Who Evaluates AI's Social Impacts? Mapping Coverage and Gaps in First and Third Party Evaluations
Reuel, Anka, Ghosh, Avijit, Chim, Jenny, Tran, Andrew, Long, Yanan, Mickel, Jennifer, Gohar, Usman, Yadav, Srishti, Ammanamanchi, Pawan Sasanka, Allaham, Mowafak, Rahmani, Hossein A., Akhtar, Mubashara, Friedrich, Felix, Scholz, Robert, Riegler, Michael Alexander, Batzner, Jan, Habba, Eliya, Saxena, Arushi, Kornilova, Anastassia, Wei, Kevin, Soni, Prajna, Mathew, Yohan, Klyman, Kevin, Sania, Jeba, Sahoo, Subramanyam, Bruvik, Olivia Beyer, Sadeghi, Pouya, Goswami, Sujata, Wang, Angelina, Jernite, Yacine, Talat, Zeerak, Biderman, Stella, Kochenderfer, Mykel, Koyejo, Sanmi, Solaiman, Irene
Foundation models are increasingly central to high-stakes AI systems, and governance frameworks now depend on evaluations to assess their risks and capabilities.
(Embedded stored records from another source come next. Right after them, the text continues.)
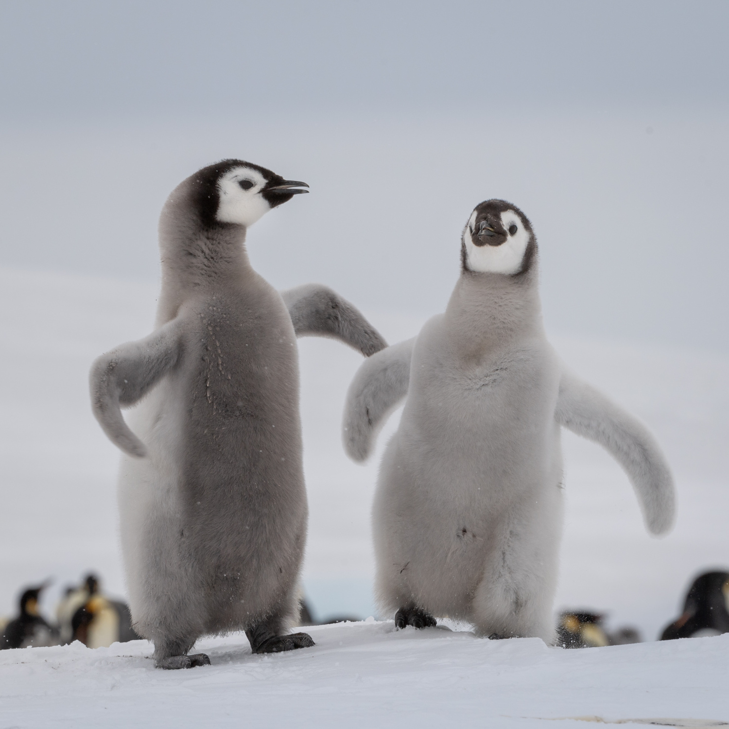 'No tickle please, Dad-Emperor penguin chick with dad behind'
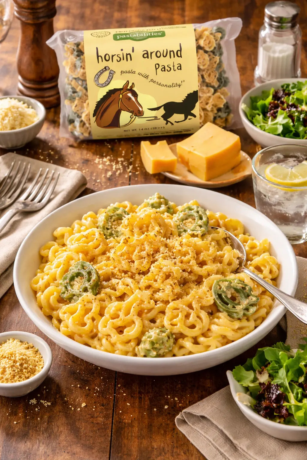 ¡Esta pasta divertida y festiva seguramente será la favorita de todas las familias amantes de los caballos! ¡Perfecta para su próxima fiesta temática de caballos, agrega un toque divertido y delicioso a la mesa!
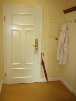 Flur, mit Blickrichtung zur Zimmertür. Der Regenschirm gehört auch mit zur Suite.
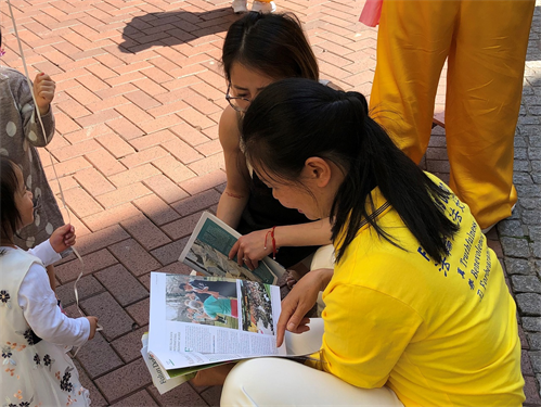 ![]() 图 6~7:人们向法轮功学员了解真相 |
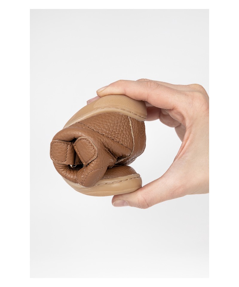 Carefully constructed to preserve the leather’s natural water resistance. The stitched tongue prevents humidity and dirt from getting inside, so little explorers can play freely and safely.
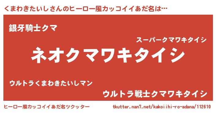 | 意味不明あだ名 | 『永久保存くまわきたいし』 |
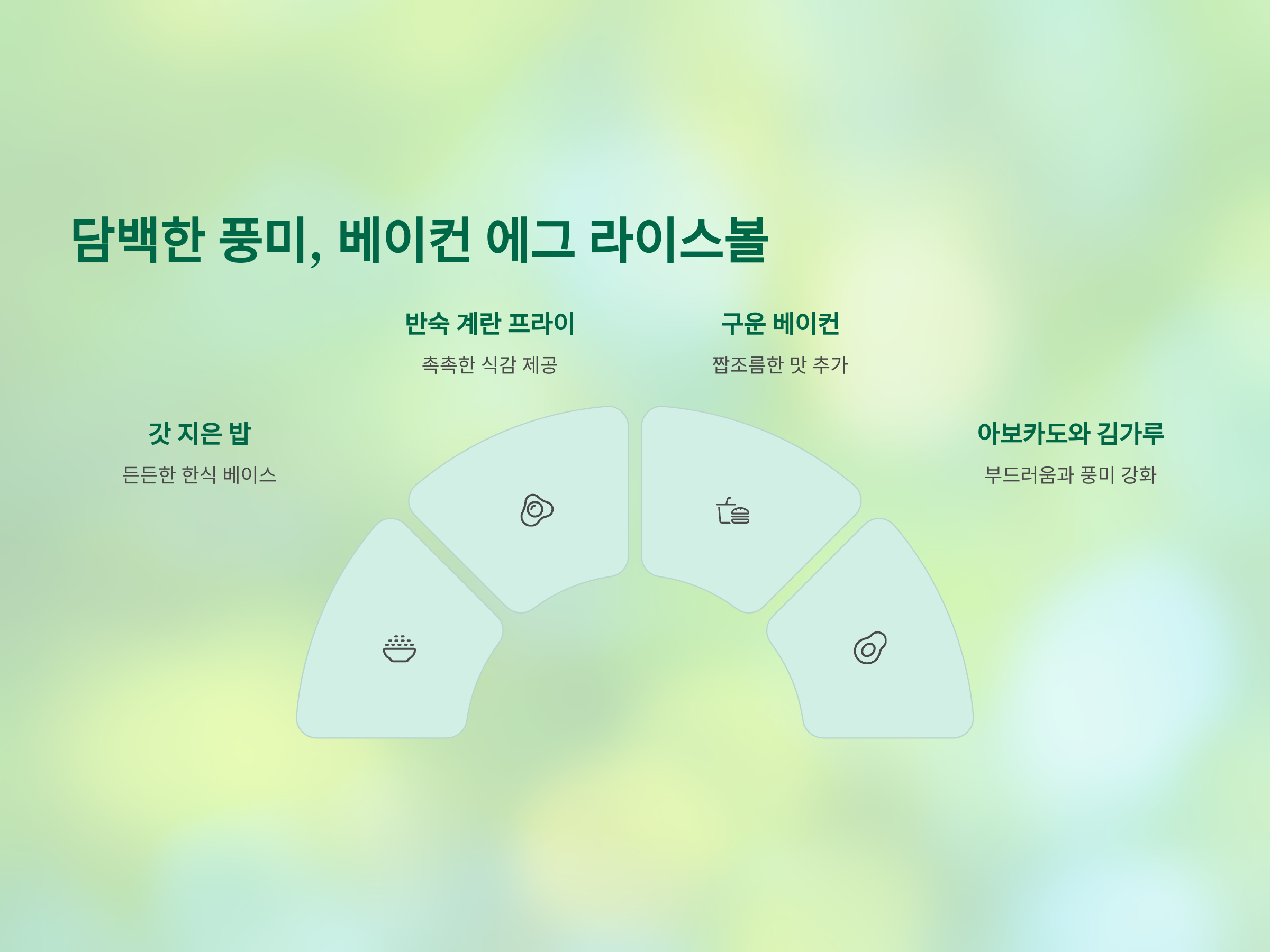 | 에그 라이스볼 | 밥, 계란, 베이컨, 아보카도, 김가루 | 한식 스타일 든든한 한 끼 |
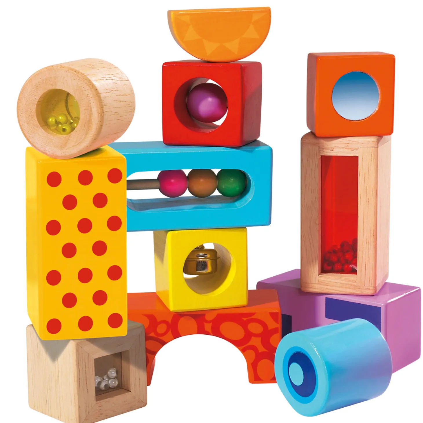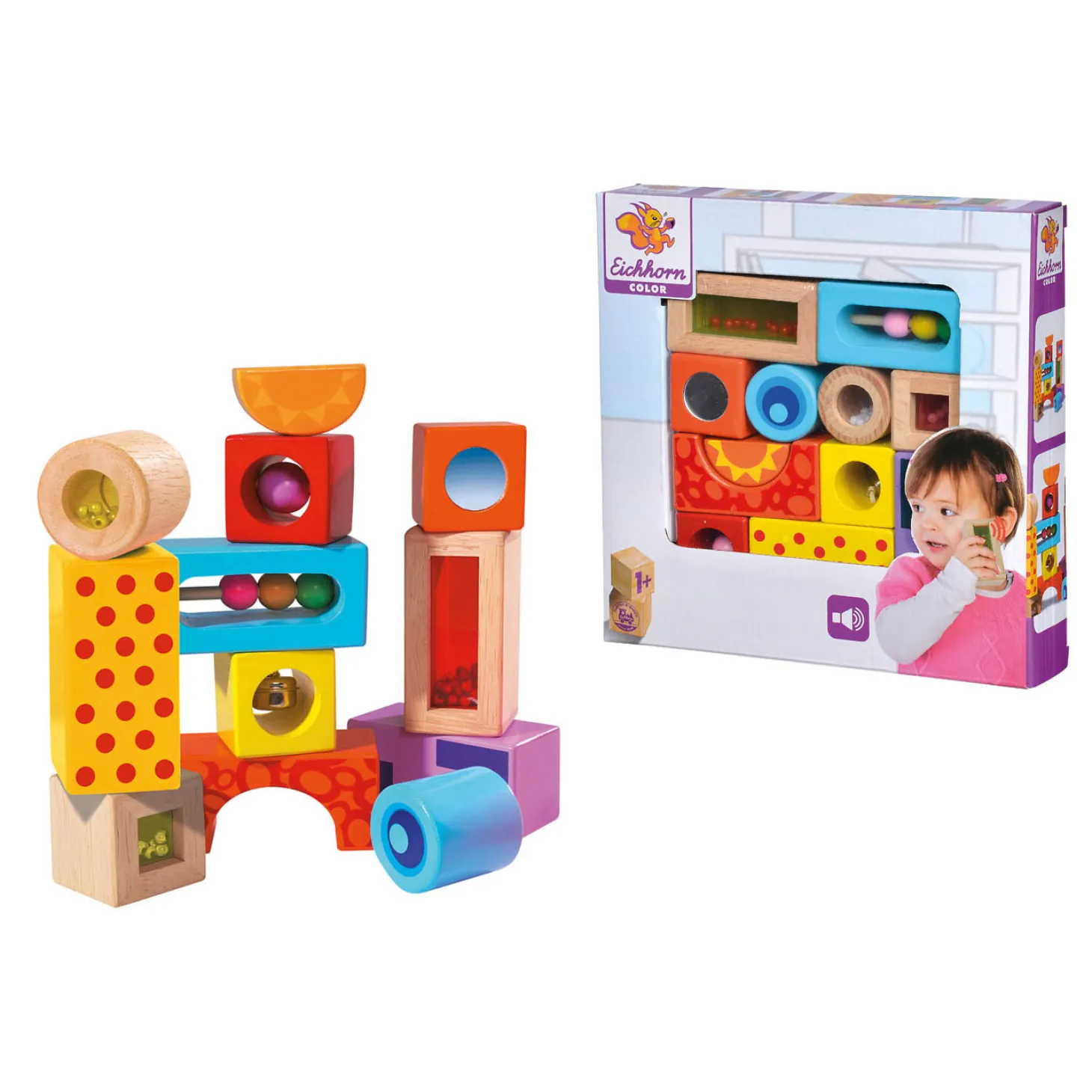 Verschillende kleuren en vormen bouwblokken met leuke geluiden, 12-delig. Van het vertrouwde en educatieve merk Eichhorn.
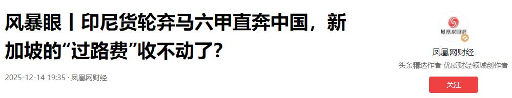 凤凰网财经:风暴眼丨印尼货轮弃马六甲直奔中国,新加坡的“过路费”收不动了?
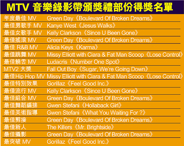 賽前獲八項提名的人氣組合GreenDay勇奪七項大獎,他們以《BoulevardOfBrokenDreams》奪最高殊榮年度最佳MV、最佳搖滾MV、最佳組合MV、最佳導演、最佳剪接及最佳攝影獎,而另一作品《AmericanIdiot》亦獲觀眾票選大獎。組合主音BillieJoeArmstrong興奮地說:「我們很高興發現搖滾音樂在MTV仍有一席位。」組成十六年的GreenDay領取最後一個獎項時,也毋忘身在海外的美軍,希望他們平安回家。
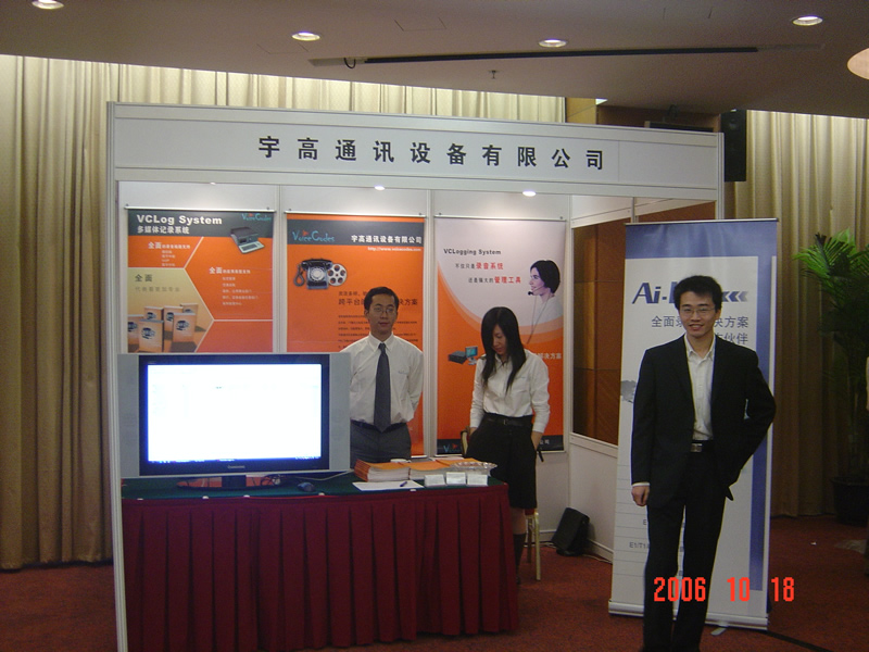 。。2006年10月18日,2006保險業(yè)呼叫中心應(yīng)用暨電話營銷高峰研討會在北京天鴻科園大酒店隆重召開,以下是展廳參觀的相關(guān)圖片報道:
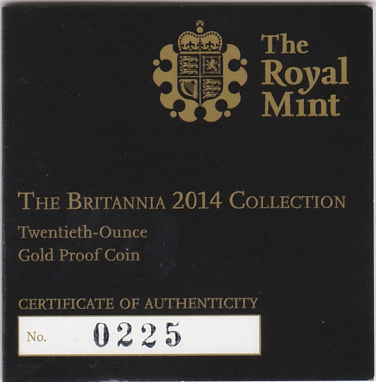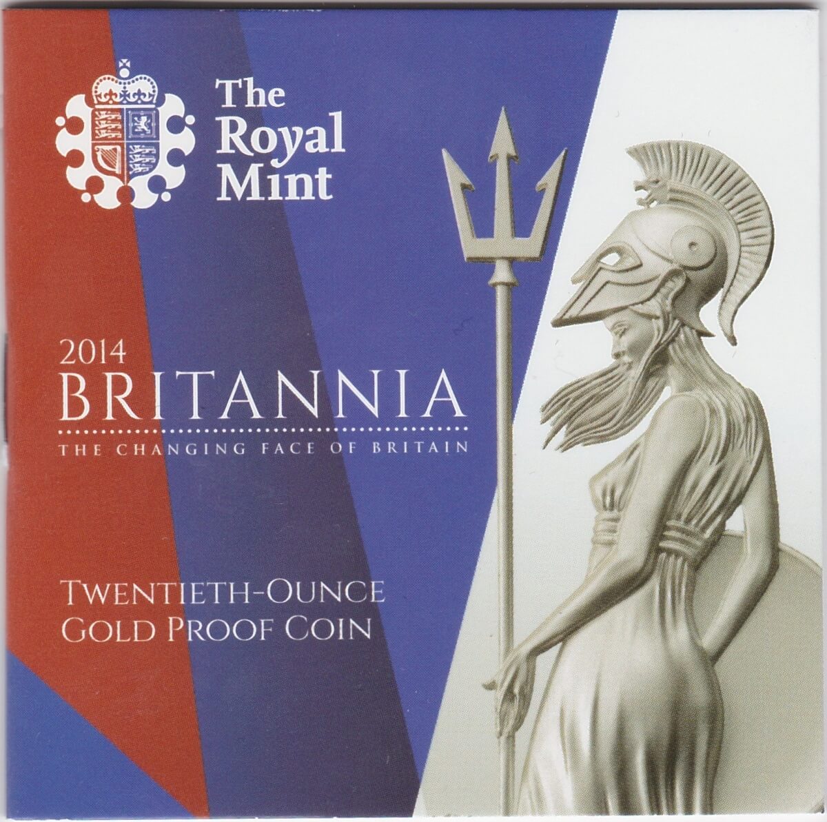 The 2014 gold twentieth ounce Britannia was minted by the Royal Mint. The obverse features the portrait of HM Queen Elizabeth II facing to the right, with legend around. The reverse features the standing figure of Britannia, with globe background, lion at feet, and legend around.
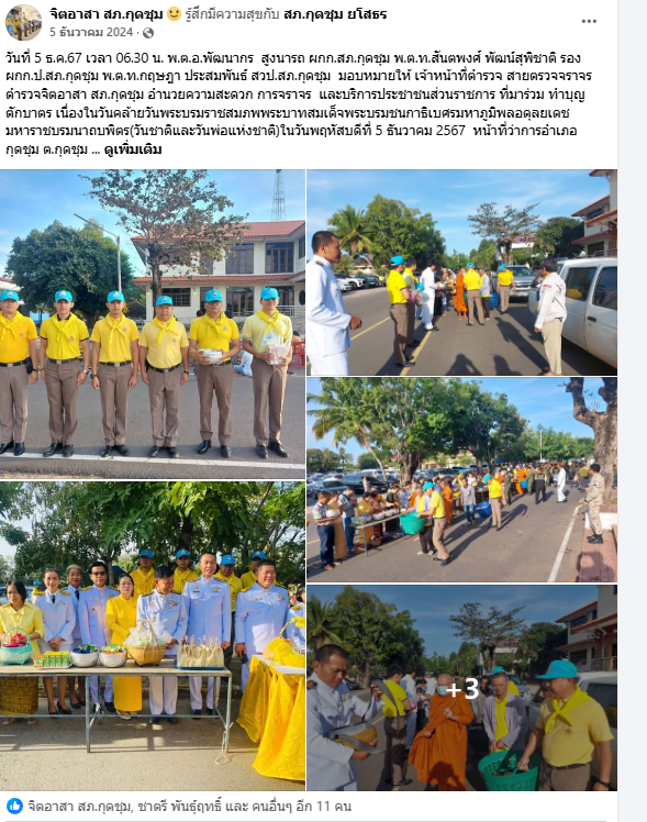 วันที่ 5 ธ.ค.67 เวลา 06.30 น. พ.ต.อ.พัฒนากร สูงนารถ ผกก.สภ.กุดชุม พ.ต.ท.สันตพงศ์ พัฒน์สุพิชาติ รอง ผกก.ป.สภ.กุดชุม พ.ต.ท.กฤษฎา ประสมพันธ์ สวป.สภ.กุดชุม มอบหมายให้ เจ้าหน้าที่ตำรวจ สายตรวจจราจร ตำรวจจิตอาสา สภ.กุดชุม อำนวยความสะดวก การจราจร และบริการประชาชนส่วนราชการ ที่มาร่วม ทำบุญตักบาตร เนื่องในวันคล้ายวันพระบรมราชสมภพพระบาทสมเด็จพระบรมชนกาธิเบศรมหาภูมิพลอดุลยเดชมหาราชบรมนาถบพิตร(วันชาติและวันพ่อแห่งชาติ)ในวันพฤหัสบดีที่ 5 ธันวาคม 2567 หน้าที่ว่าการอำเภอกุดชุม ต.กุดชุม อ.กุดชุม จว.ยโสธร การปฏิบัติเป็นไปด้วยความเรียบร้อย
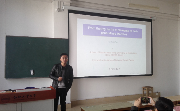 2017年11月4日下午2点整,数学米兰MILAN(中国)2017年研究生学术交流年会第一场报告会,于合肥工业大学翡翠湖校区翠3教207教室举行。此次报告会邀请到数学米兰MILAN(中国)朱辉辉博士,王浩博士以及马力博士作为主讲人,2016级与2017级研究生聆听了三位老师的报告。

Although general capability evaluations are widespread, social impact assessments covering bias, fairness, privacy, environmental costs, and labor practices remain uneven across the AI ecosystem. To characterize this landscape, we conduct the first comprehensive analysis of both first-party and third-party social impact evaluation reporting across a wide range of model developers. Our study examines 186 first-party release reports and 183 post-release evaluation sources, and complements this quantitative analysis with interviews of model developers. We find a clear division of evaluation labor: first-party reporting is sparse, often superficial, and has declined over time in key areas such as environmental impact and bias, while third-party evaluators including academic researchers, nonprofits, and independent organizations provide broader and more rigorous coverage of bias, harmful content, and performance disparities. However, this complementarity has limits. Only model developers can authoritatively report on data provenance, content moderation labor, financial costs, and training infrastructure, yet interviews reveal that these disclosures are often deprioritized unless tied to product adoption or regulatory compliance. Our findings indicate that current evaluation practices leave major gaps in assessing AI's societal impacts, highlighting the urgent need for policies that promote developer transparency, strengthen independent evaluation ecosystems, and create shared infrastructure to aggregate and compare third-party evaluations in a consistent and accessible way.